■ TASK INSTRUCTIONS
Starting at the line that contains "Lampa z nowej" and stopping after the line that contains "大家在水库选点时也要注意不要", transcribe the listing below exactly; do not include any pictures.

■ PROVIDED INFORMATION

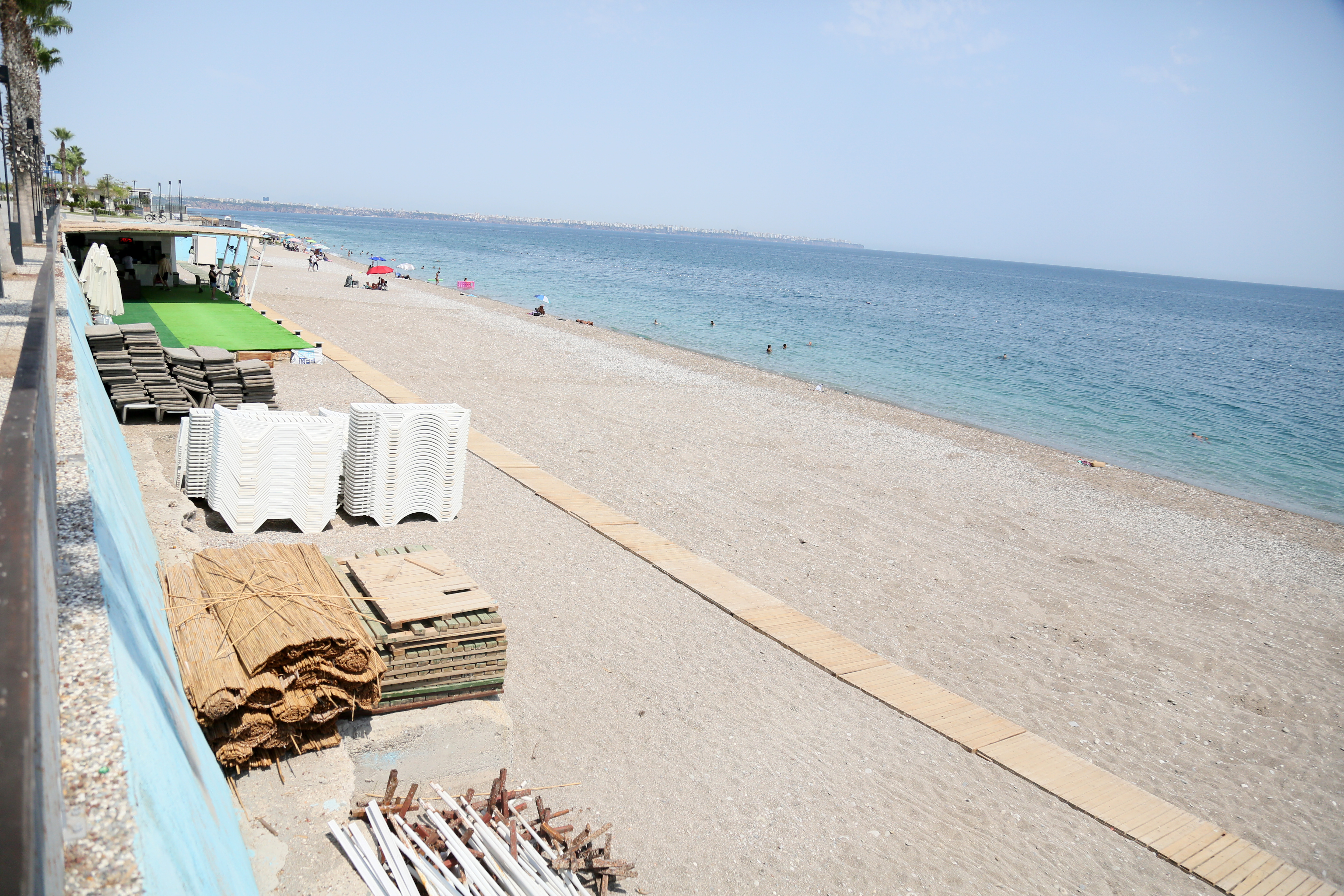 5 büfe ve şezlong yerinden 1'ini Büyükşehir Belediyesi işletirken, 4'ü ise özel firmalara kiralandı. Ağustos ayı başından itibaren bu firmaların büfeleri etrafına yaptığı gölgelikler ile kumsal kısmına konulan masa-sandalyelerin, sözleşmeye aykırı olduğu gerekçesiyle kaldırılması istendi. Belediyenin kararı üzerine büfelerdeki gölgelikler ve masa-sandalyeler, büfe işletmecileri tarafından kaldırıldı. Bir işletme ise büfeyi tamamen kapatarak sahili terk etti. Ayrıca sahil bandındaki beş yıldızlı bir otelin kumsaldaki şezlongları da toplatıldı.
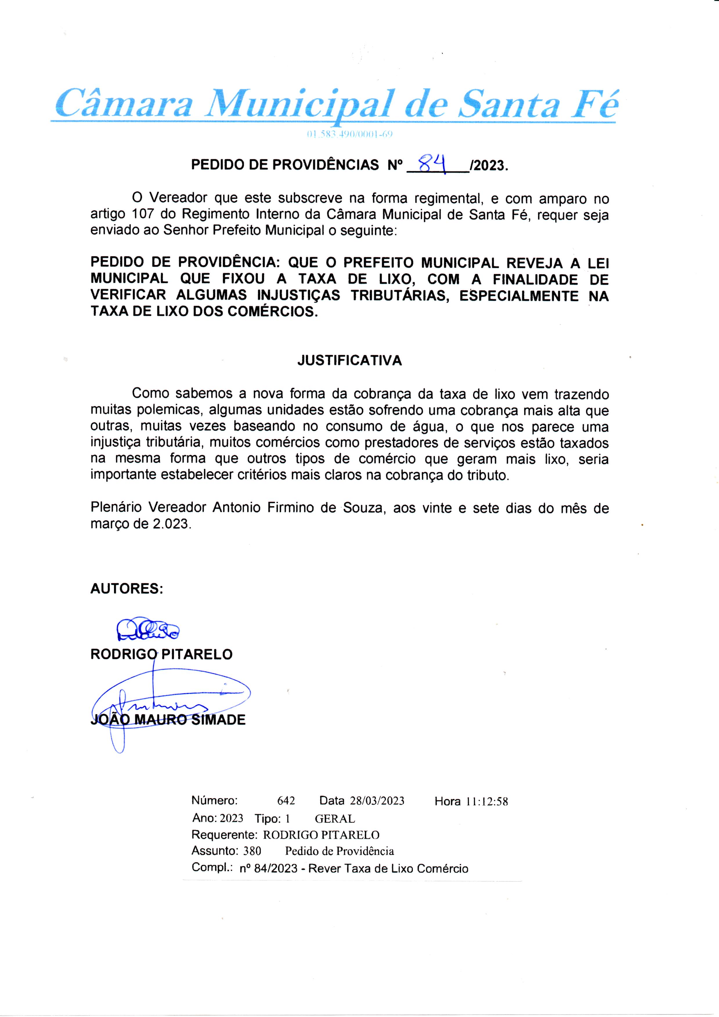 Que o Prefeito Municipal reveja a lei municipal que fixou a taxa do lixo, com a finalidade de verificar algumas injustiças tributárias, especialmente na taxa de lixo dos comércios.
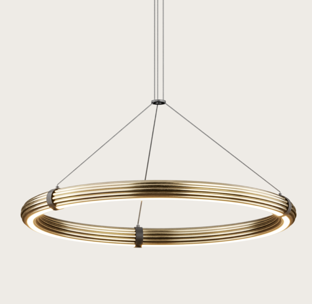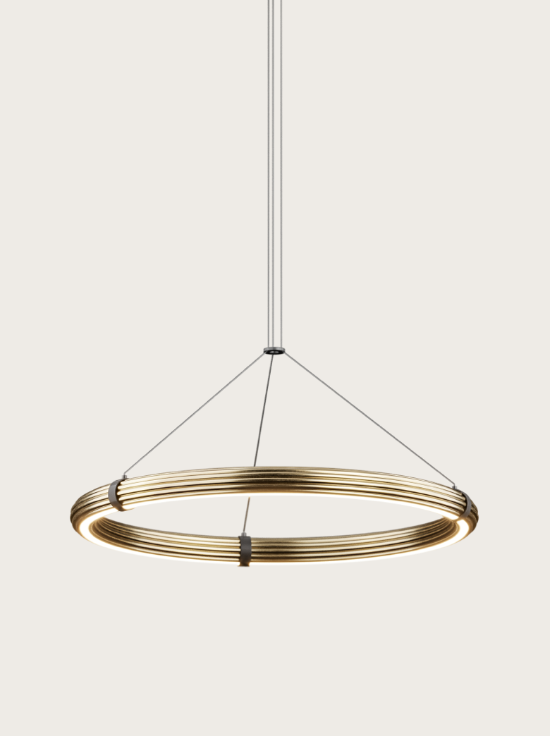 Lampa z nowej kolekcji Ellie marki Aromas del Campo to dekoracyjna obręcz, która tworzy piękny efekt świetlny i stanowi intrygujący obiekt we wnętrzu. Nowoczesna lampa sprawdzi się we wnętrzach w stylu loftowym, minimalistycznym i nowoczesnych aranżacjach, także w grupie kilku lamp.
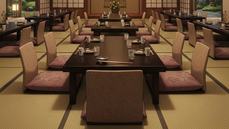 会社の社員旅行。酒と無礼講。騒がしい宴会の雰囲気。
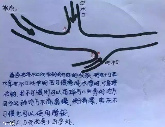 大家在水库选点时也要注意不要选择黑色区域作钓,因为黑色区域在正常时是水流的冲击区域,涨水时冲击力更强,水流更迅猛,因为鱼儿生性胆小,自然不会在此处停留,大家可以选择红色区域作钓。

==

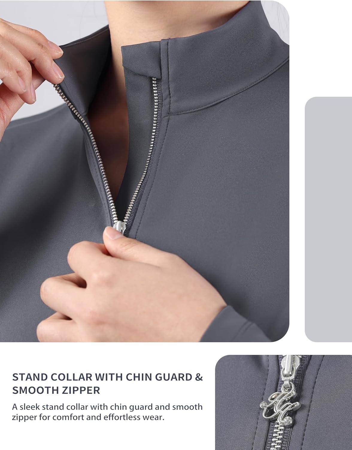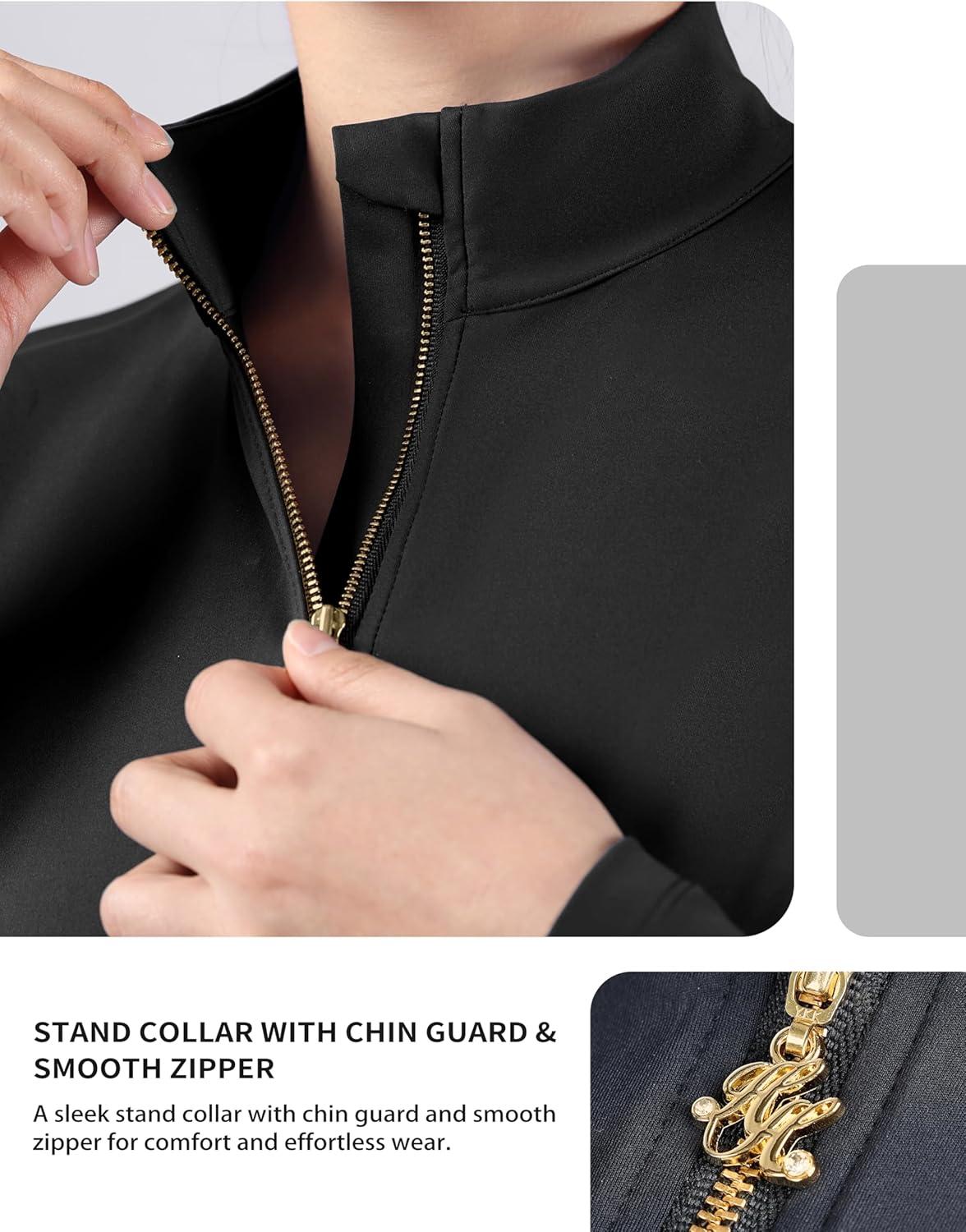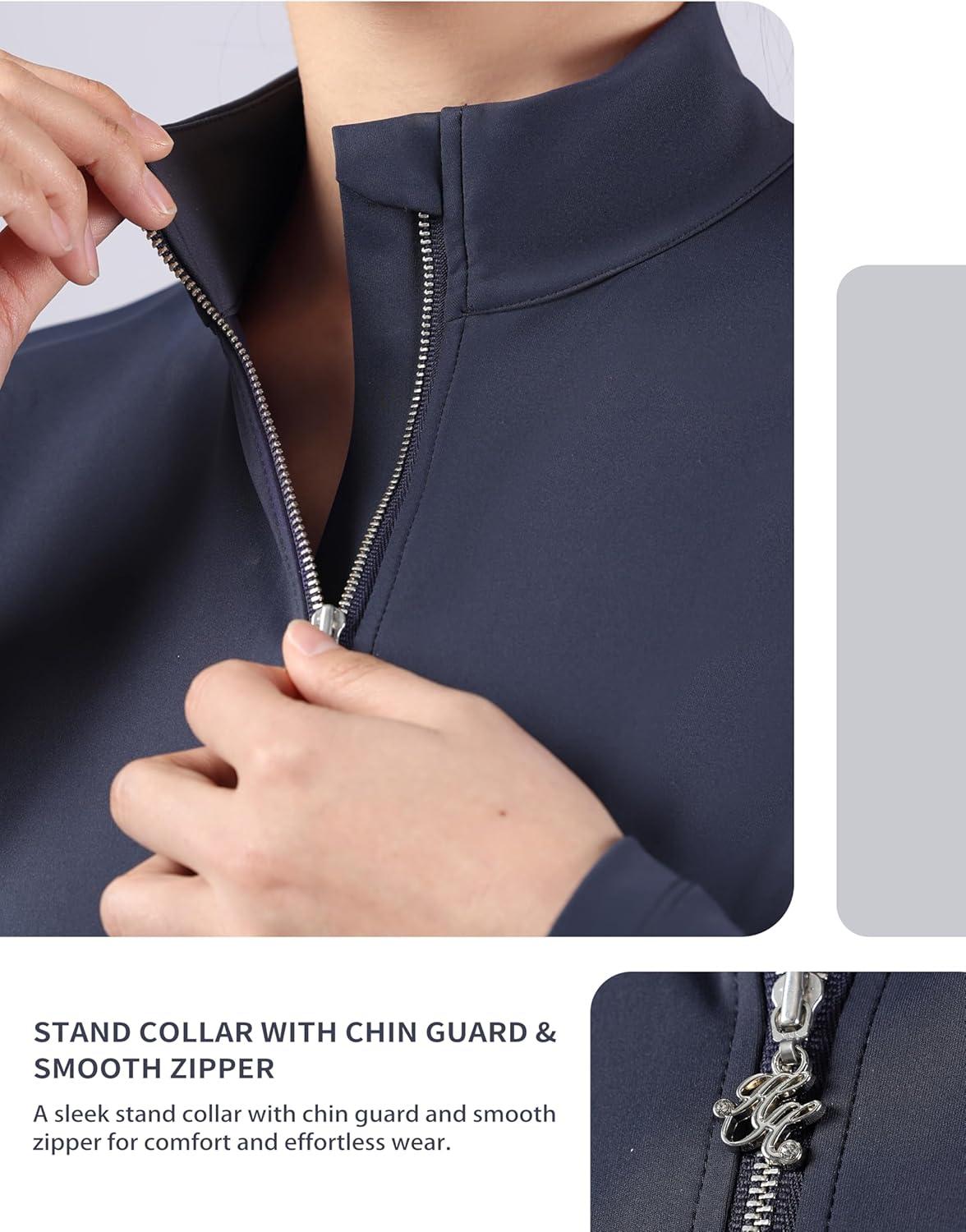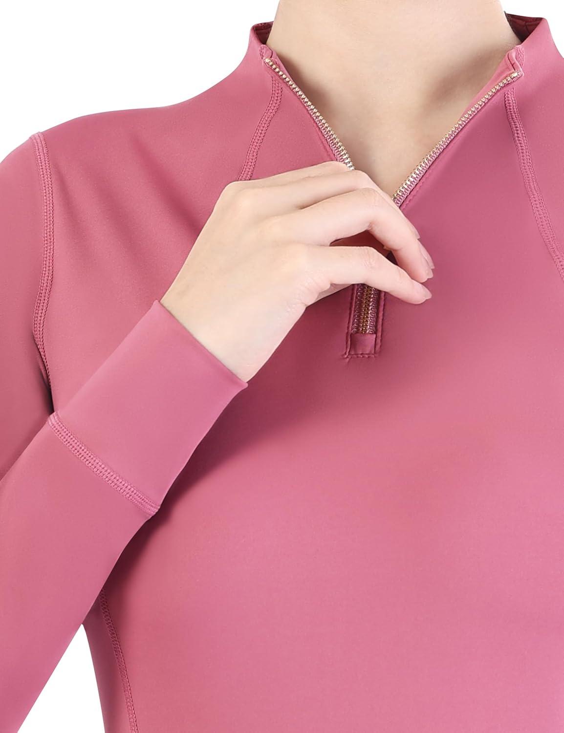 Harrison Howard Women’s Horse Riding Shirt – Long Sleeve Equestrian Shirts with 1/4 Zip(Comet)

■ RESPONSE TO THE EXERCISE
 Lampa z nowej kolekcji Ellie marki Aromas del Campo to dekoracyjna obręcz, która tworzy piękny efekt świetlny i stanowi intrygujący obiekt we wnętrzu. Nowoczesna lampa sprawdzi się we wnętrzach w stylu loftowym, minimalistycznym i nowoczesnych aranżacjach, także w grupie kilku lamp.
 会社の社員旅行。酒と無礼講。騒がしい宴会の雰囲気。
 大家在水库选点时也要注意不要选择黑色区域作钓,因为黑色区域在正常时是水流的冲击区域,涨水时冲击力更强,水流更迅猛,因为鱼儿生性胆小,自然不会在此处停留,大家可以选择红色区域作钓。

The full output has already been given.